Top of SOURCE MATERIAL

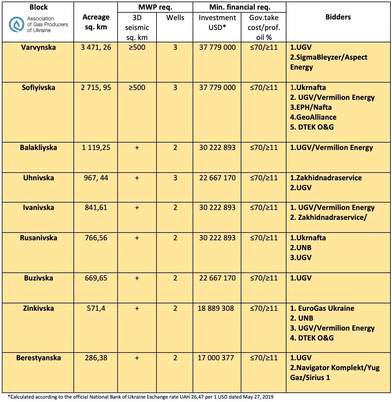 The company that has made the most bids is UGV, with 9 applications, 5 single and 4 joined with Vermilion Energy. In addition, four Ukrainian producers made 2 bids each (UNB, Ukrnafta, DTEK, Zakhidnadraservice). Also, one bid was pointed by each U.S. Sigma/Aspect, Czech EPH, and Ukrainian companies GeoAlliance, Navigator Komplekt and EuroGas Ukraine.
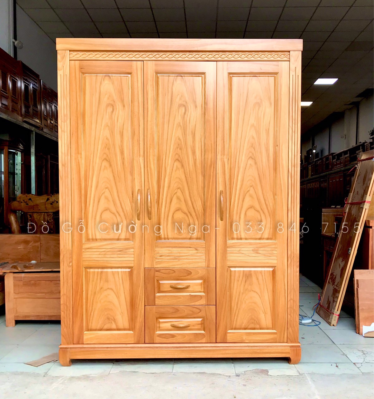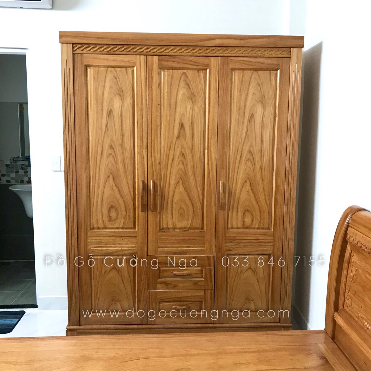 Tủ quần áo gỗ gõ đỏ 3 cánh cao cấp
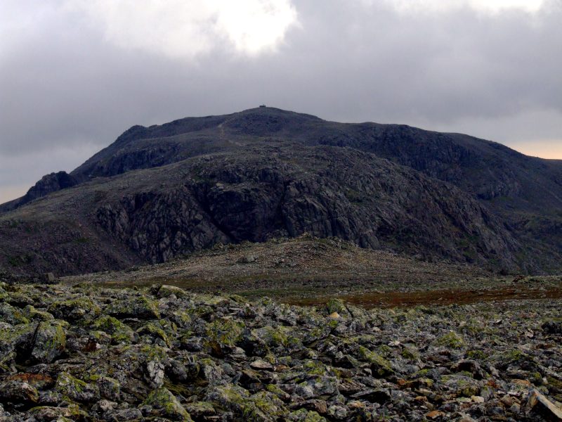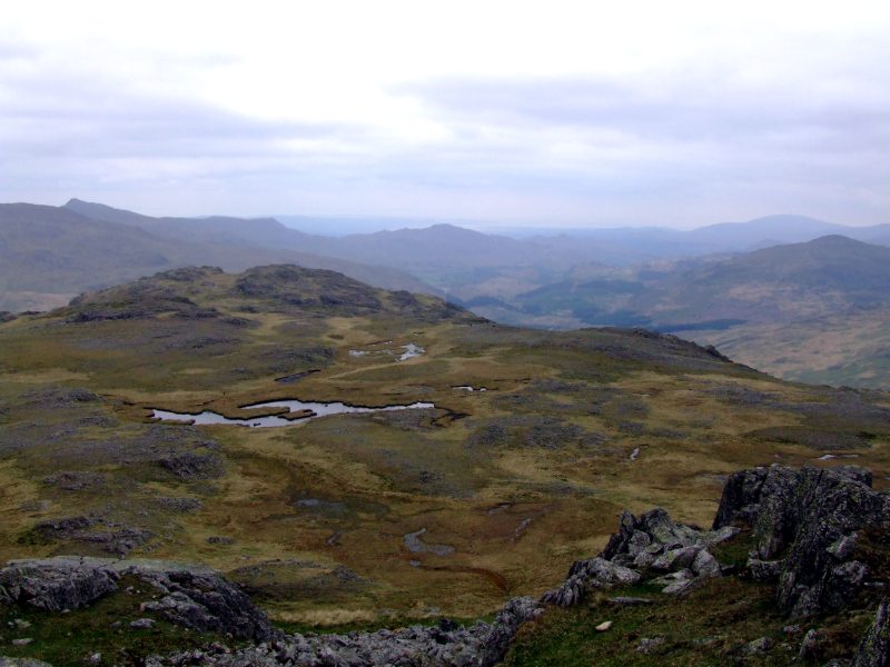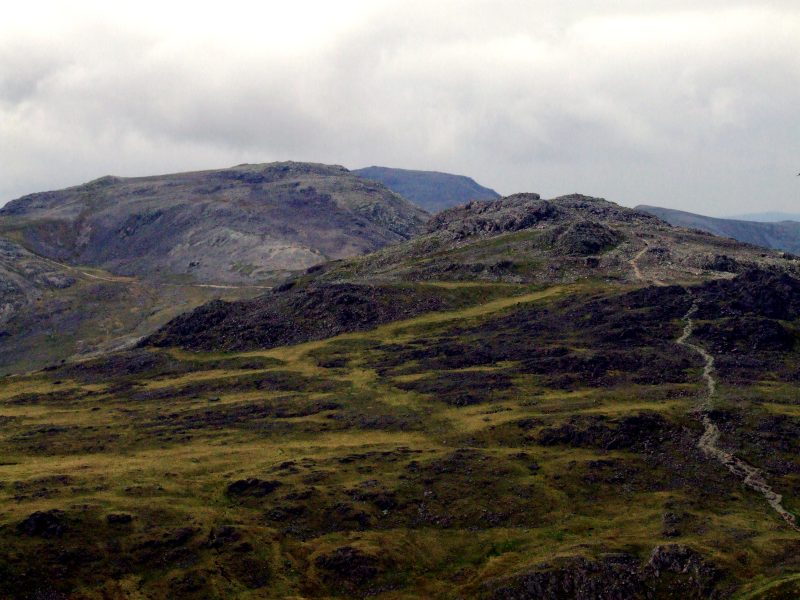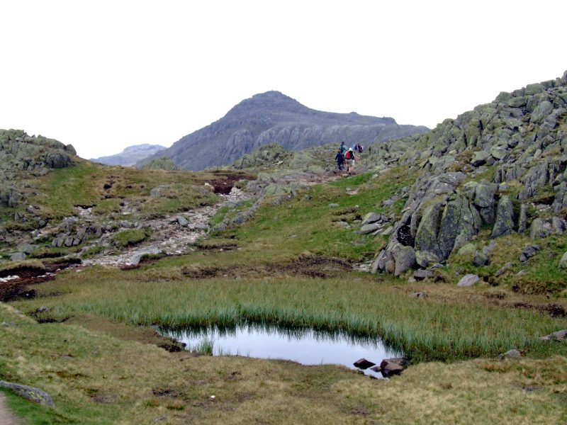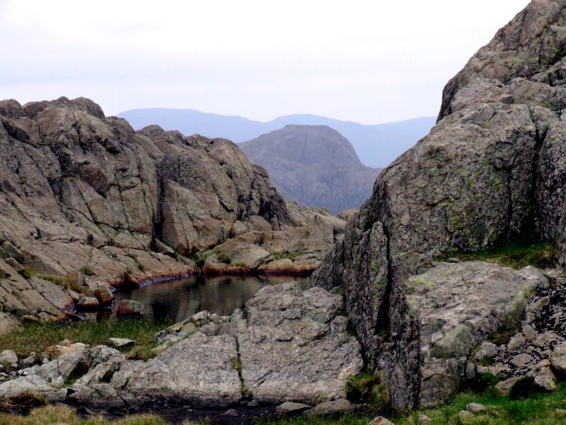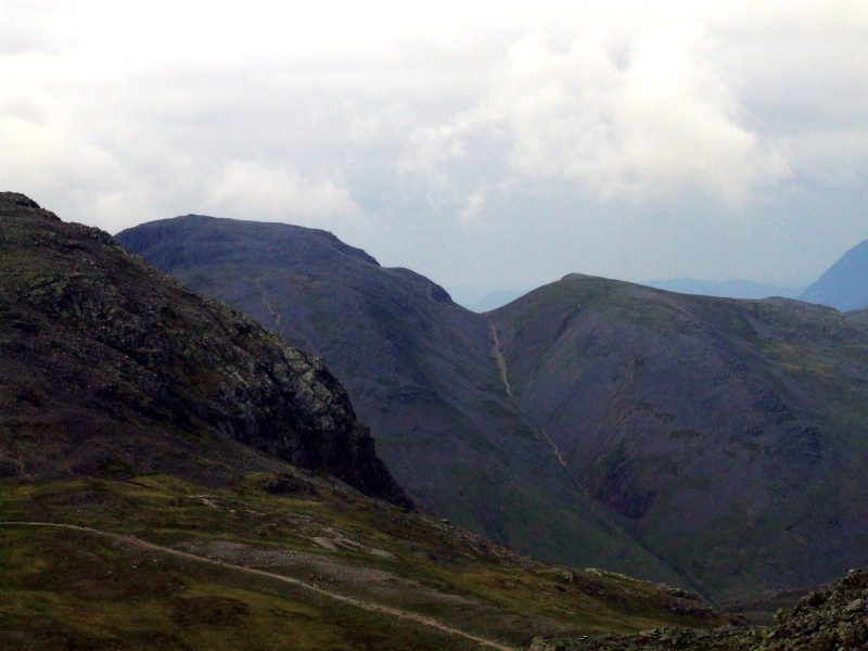 Nahe dem ersten Crinkle - ein erster Ausblick zum Scafell und zur Scafell Pike.
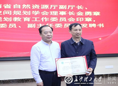 湖南省国土空间规划学会副秘书长杨春宣读了《关于学会2021年增设专业(工作)委员会组成人员的通告》。大会分别为教工委主任委员、副主任委员、委员颁发聘书。长沙理工大学为教育工作委员会主任委员单位。杨伟军教授被聘为教育工作委员会第一届主任委员。
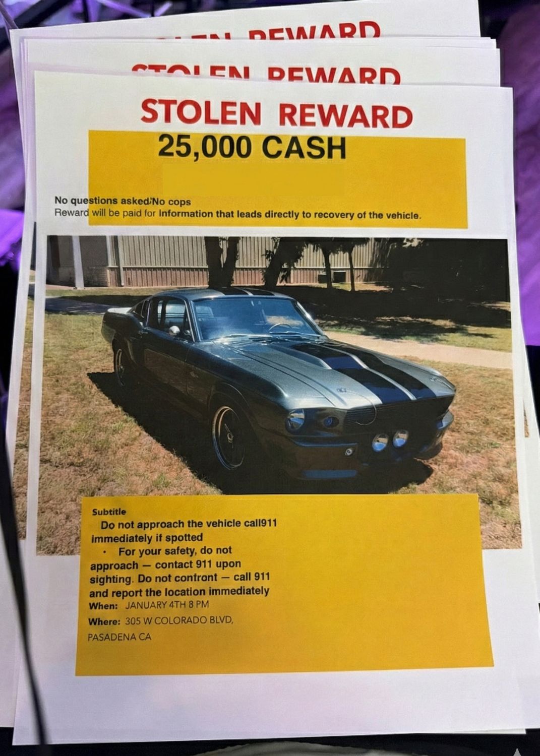 The registered owner of the vehicle is offering a $25,000 reward for information that directly leads to the recovery of the Mustang. Any reward is offered and paid solely at the discretion of the registered owner.
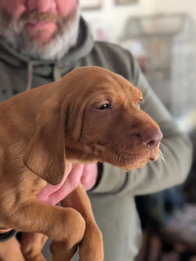 A stunning litter of Hungarian wirehaired vislas. The Dam is predominantly a deer tracking dog that excels at beating and walked up shooting. The sire is used for grouse counts and works with birds of prey. Two dog pups available.
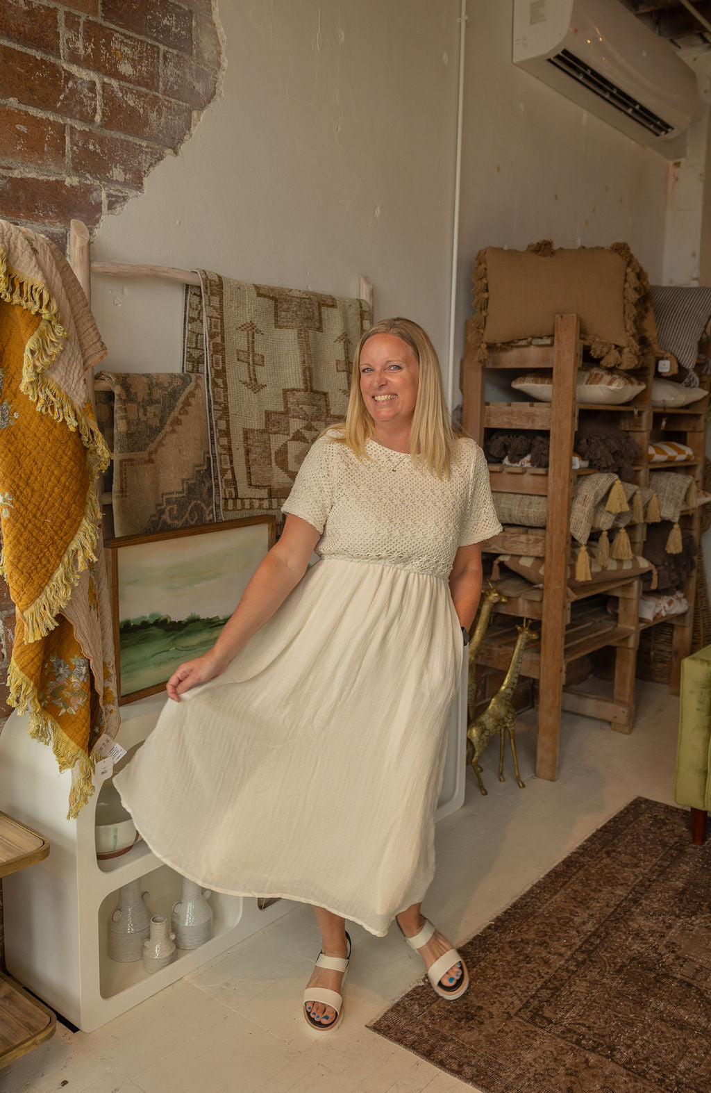 ABBIE CREAM MULTI TEXTURED MAXI DRESS

Bottom of SOURCE MATERIAL

WORK REQUIRED:
In your copy, include no pictures, but set down every record exactly.

TASK SOLUTION:
 The company that has made the most bids is UGV, with 9 applications, 5 single and 4 joined with Vermilion Energy. In addition, four Ukrainian producers made 2 bids each (UNB, Ukrnafta, DTEK, Zakhidnadraservice). Also, one bid was pointed by each U.S. Sigma/Aspect, Czech EPH, and Ukrainian companies GeoAlliance, Navigator Komplekt and EuroGas Ukraine.
 Tủ quần áo gỗ gõ đỏ 3 cánh cao cấp
 Nahe dem ersten Crinkle - ein erster Ausblick zum Scafell und zur Scafell Pike.
 湖南省国土空间规划学会副秘书长杨春宣读了《关于学会2021年增设专业(工作)委员会组成人员的通告》。大会分别为教工委主任委员、副主任委员、委员颁发聘书。长沙理工大学为教育工作委员会主任委员单位。杨伟军教授被聘为教育工作委员会第一届主任委员。
 The registered owner of the vehicle is offering a $25,000 reward for information that directly leads to the recovery of the Mustang. Any reward is offered and paid solely at the discretion of the registered owner.
 A stunning litter of Hungarian wirehaired vislas. The Dam is predominantly a deer tracking dog that excels at beating and walked up shooting. The sire is used for grouse counts and works with birds of prey. Two dog pups available.
 ABBIE CREAM MULTI TEXTURED MAXI DRESS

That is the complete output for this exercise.